This is largely the result of a campaign conducted by
the "ex"-Communists and their allies on the Italian (and
European) left, but there is a grain of truth to it: in
Italy, any commercial success must first overcome the
tangle of legal restrictions, regulations, and myriad
taxes that make any kind of capitalist act between consenting
adults well nigh impossible, if done "legally." In Italy,
every real estate transaction carries two sets of books
one, the official record, kept for tax purposes,
and the other, unofficial one, that reflects what actually
occurred. When the deal is sealed, the real records are
disposed of, and the transaction is complete. No one is
the wiser: otherwise, no transaction would ever take place.

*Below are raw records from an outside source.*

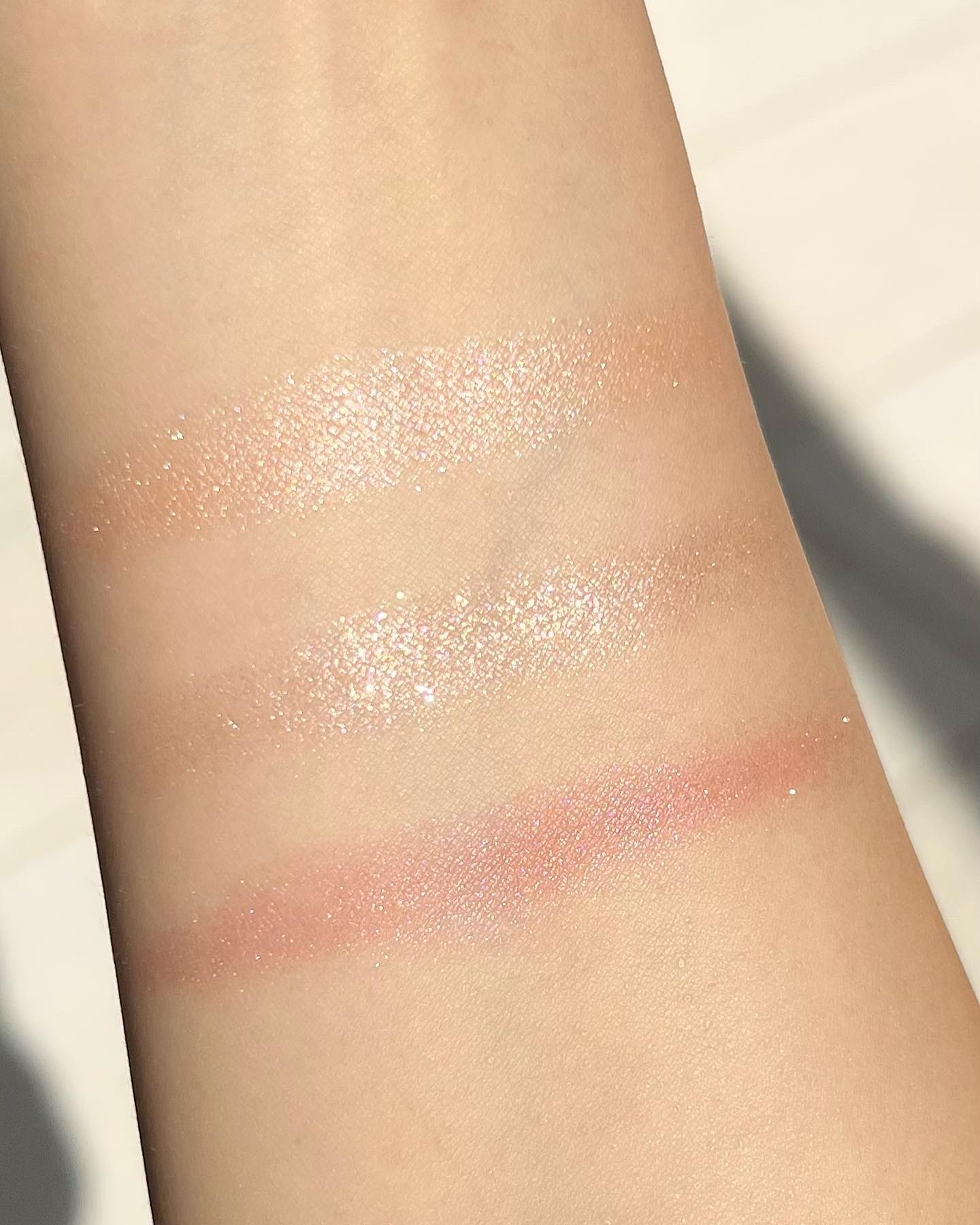 右上のピンクラメをベースに仕込んでメイクしたんだけどツヤと煌めき感えぐすぎる😳💎可愛い、、 そこに右下のカラーを重ねるとじんわり血色感が滲み出るような目元になるよ🦩 これは欠品店舗続出しそう🫣
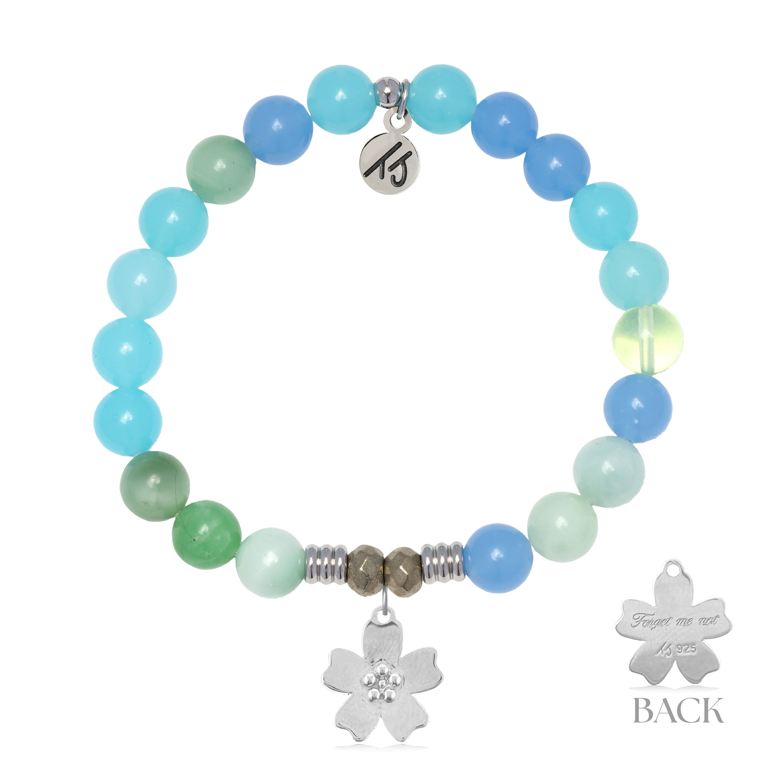 Multi Blue Jade Gemstone Bracelet with Forget Me Not Sterling Silver Charm
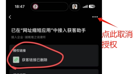 2. 解决方案:点击又上角的【...】,删除授权后重新扫码授权;或者在企微管理端后台获客助手页面底部,有一个授权接入获客助手的tab,点进查看详情页,可以操作取消授权后,再重新操作
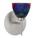Divi has a classical bell shape that complements aesthetic, while also built for optimal illumination. Our Black Dicro Wavy glass is a blown glass with black striping on the glossy outside, and a technologically advanced dichroic coating applied to the inside. The coating contains multiple micro-layers of metals that create unique optical properties, which effectively alter both the reflected and transmitted light. So unlit, it appears like a mirror, when lit, it becomes translucent with an array of multicolored blue-purple effects. The mini sconce is equipped with a decorative lamp holder mounted to either a low profile round or square canopy. These stylish and functional luminaries are offered in a beautiful Satin Nickel finish.
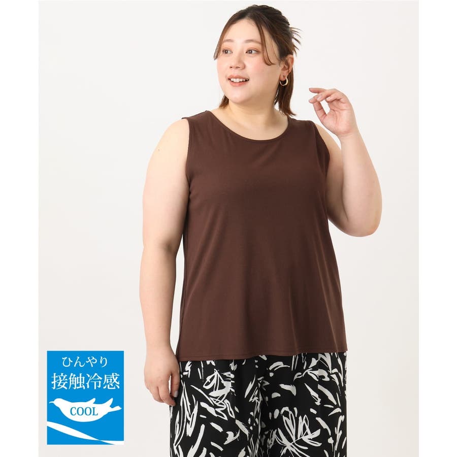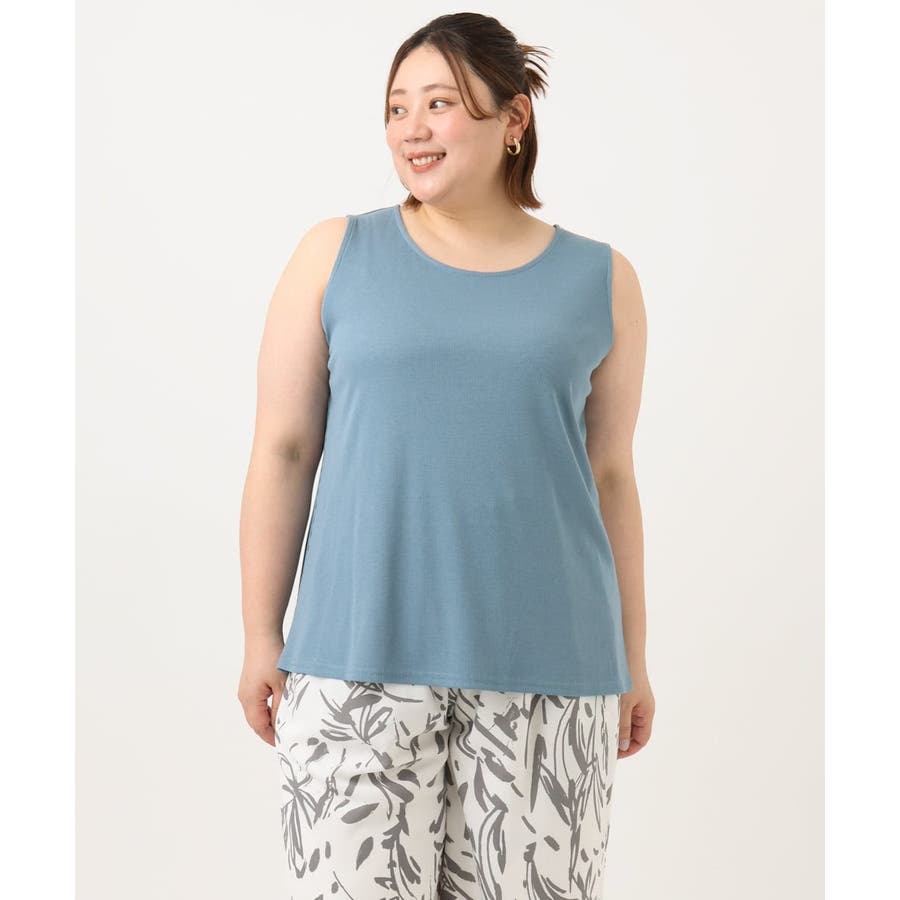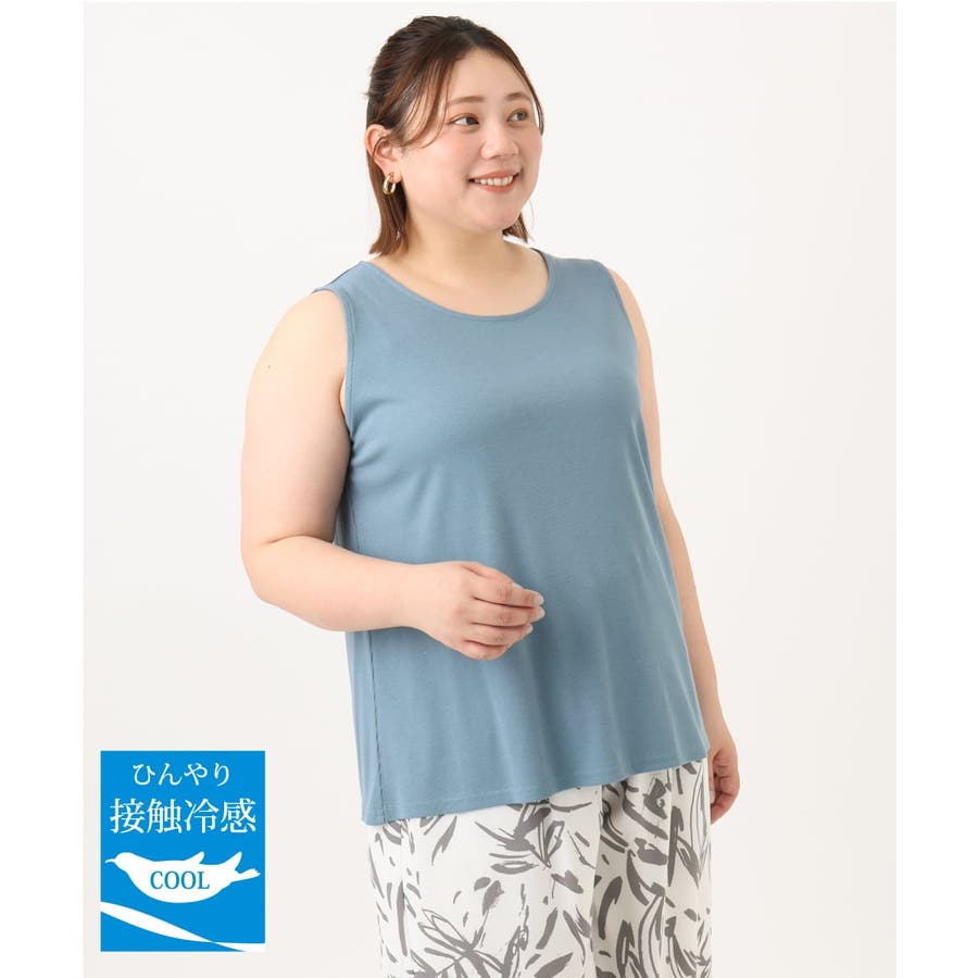 【大きいサイズ/接触冷感】ラウンドネックテレコタンクトップ
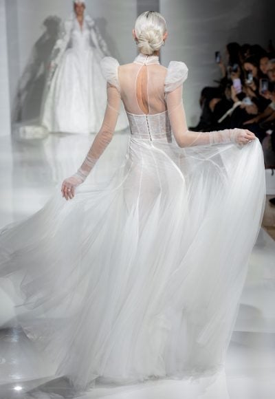 Chic and feminine, this soft A-line gown features a high illusion neckline complete with a ruched collar and long, statement-making, puff sleeves. The structured corset bodice showcases a sweetheart cut, exposed boning, and a basque waistline while floral, Chantilly lace adorns the lightweight bodysuit. The dreamy design is complete with a tulle, godet skirt and [...]
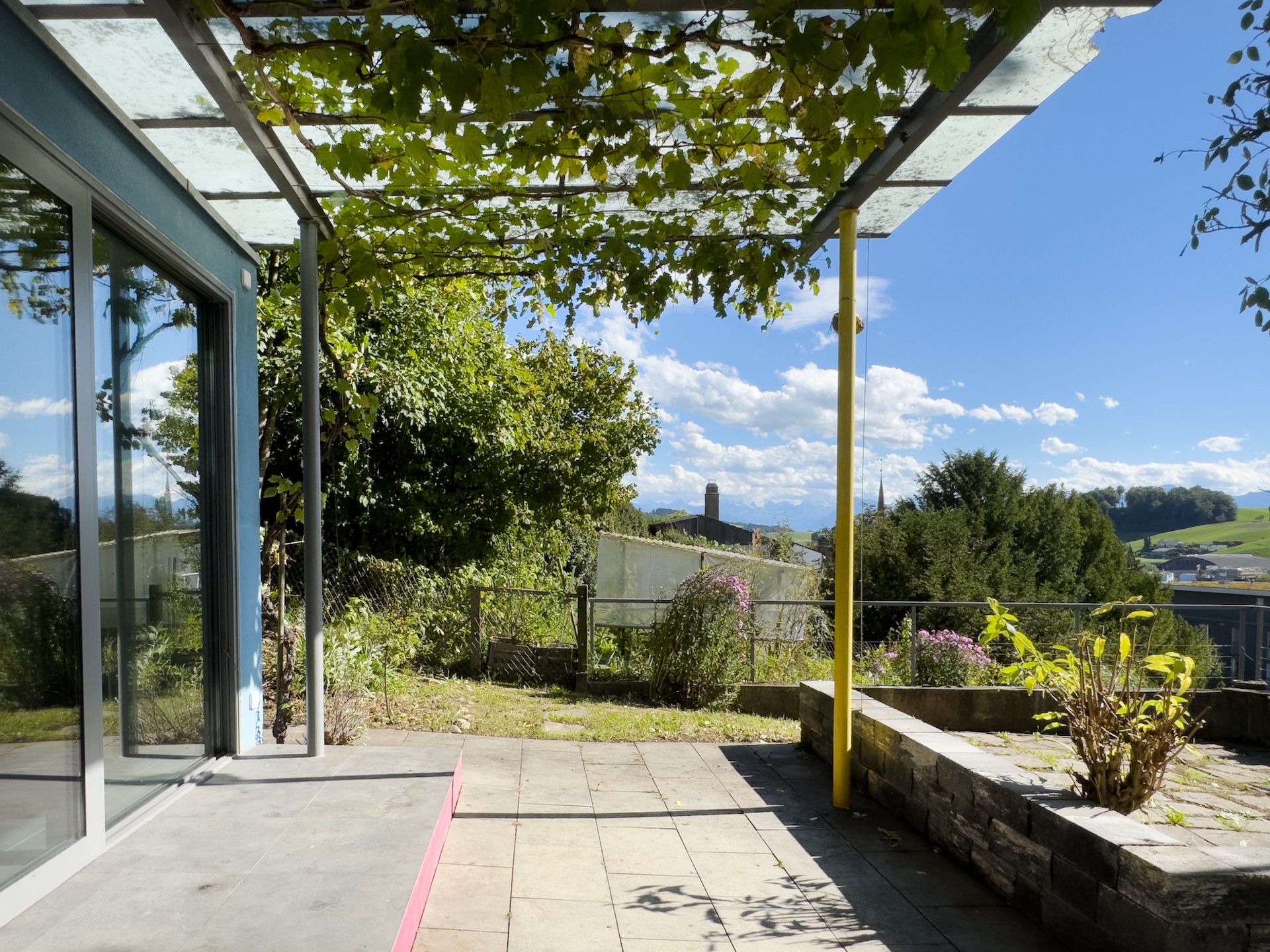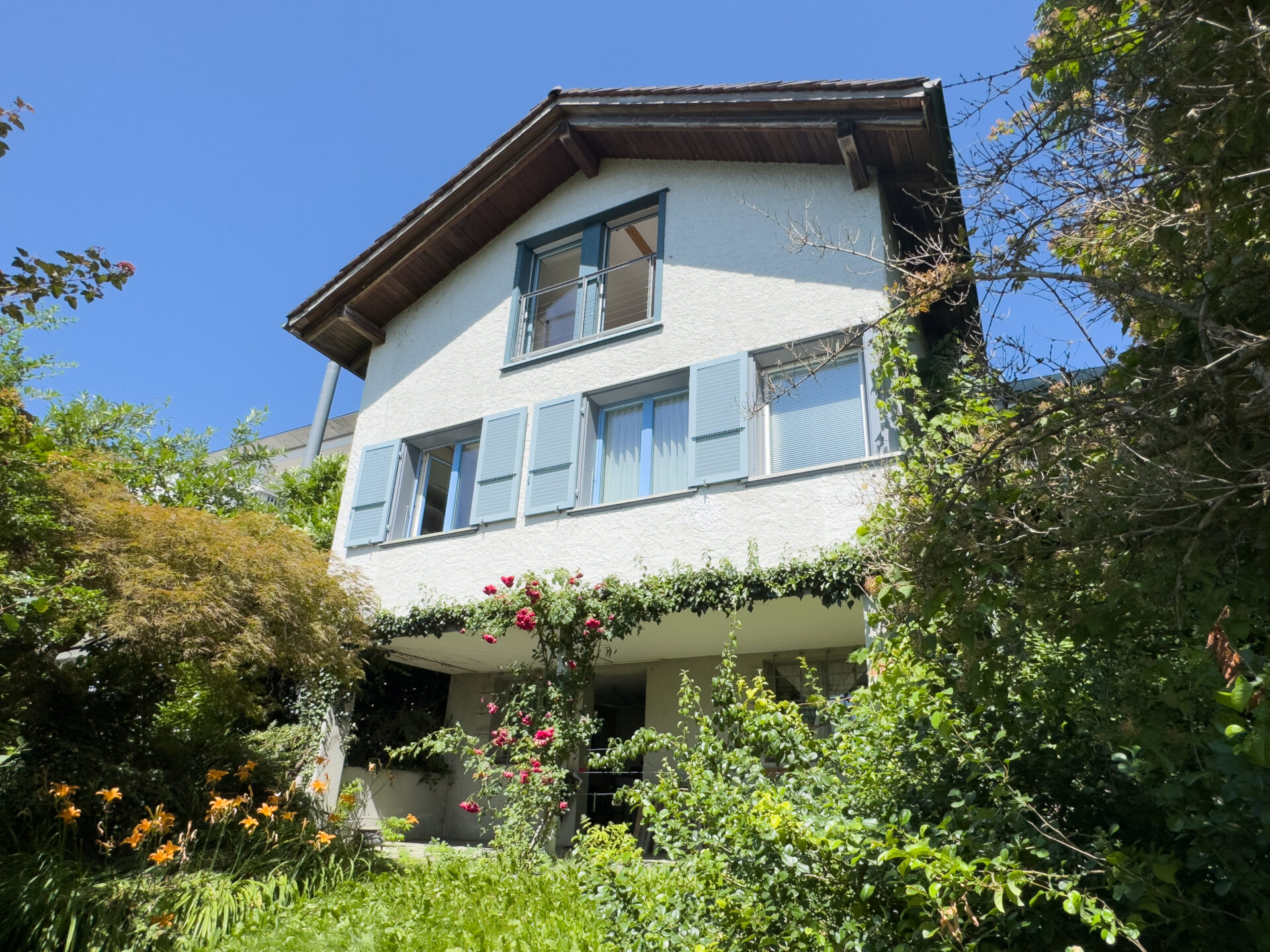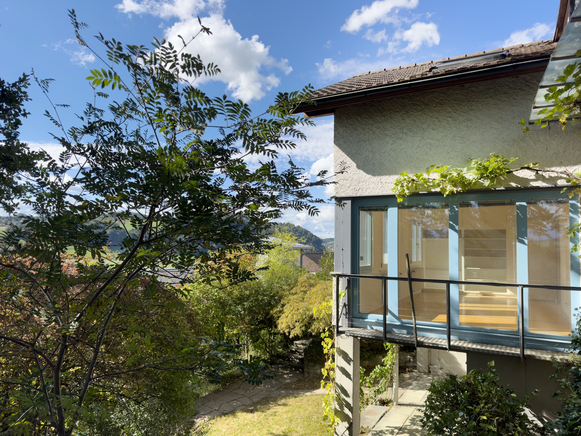 Dieses L-förmige Einfamilienhaus (Baujahr 1949) am Sonnhaldenweg 4 überzeugt mit seiner sonnigen Hanglage, grosszügigen Grundrissen und einem einladenden Anbau in Sichtbeton (BJ. 2008). Im Jahr 2010 wurde der Estrich zu einer modernen 3-Zimmer-Einliegerwohnung ausgebaut. Mit dem Lift gelangen Sie bequem auf das Grundstück. Eine clevere Anpassung, es müssen somit keine langen Treppensteige überwunden werden. Die gepflegte Liegenschaft wurde ständig unterhalten, laufend erneuert und erweitert. Lichtdurchflutete Räume schaffen eine offene Wohnatmosphäre; der Garten mit Quitten, Feigen und weiteren Obstgehölzen wird zur grünen Oase. Von Terrasse und Garten reicht der Blick bis ins Berner Oberland – mit Sicht auf die Berge, darunter Eiger, Mönch, Jungfrau, Niesen u.a.; ein Panorama, das täglich begeistert.

Italian voters cast their ballots for Berlusconi's "Forza
Italia" ticket because they believe he will legalize what
they do already. Like Koizumi and Kostunica, Berlusconi
is up against a rigidified, reified state-centered economic
system that no longer works, and he is promising to fix
it by, largely, sweeping it away.
THE
SOVIET UNION OF THE WEST
In
the foreign policy realm, Berlusconi is pledged to a united
Europe, and has so far voiced no dissent from the pro-NATO,
pro-US stance of his predecessors, whether Christian Democrats
or socialists of one variety or another. But his coalition
partners the post-fascist Allianza Nationale,
and the separatist Northern League are belligerent
critics of the pan-European "vision" emanating from Brussels,
and are not likely to stand idly by while Italy surrenders
its sovereignty to a socialist super-state. Insofar as
the US stands behind the European project, and opposes
not only all nationalist resistance but also all regionalist
and separatist movements, it is bound to come in conflict
with the forces unleashed by Berlusconi's victory. Sections
of the Italian right are viscerally hostile to the US
and NATO, and bitterly opposed the Kosovo war: wouldn't
it be fun if, say, one of Umberto Bossi's boys (perhaps
Bossi himself) was appointed to the foreign ministry?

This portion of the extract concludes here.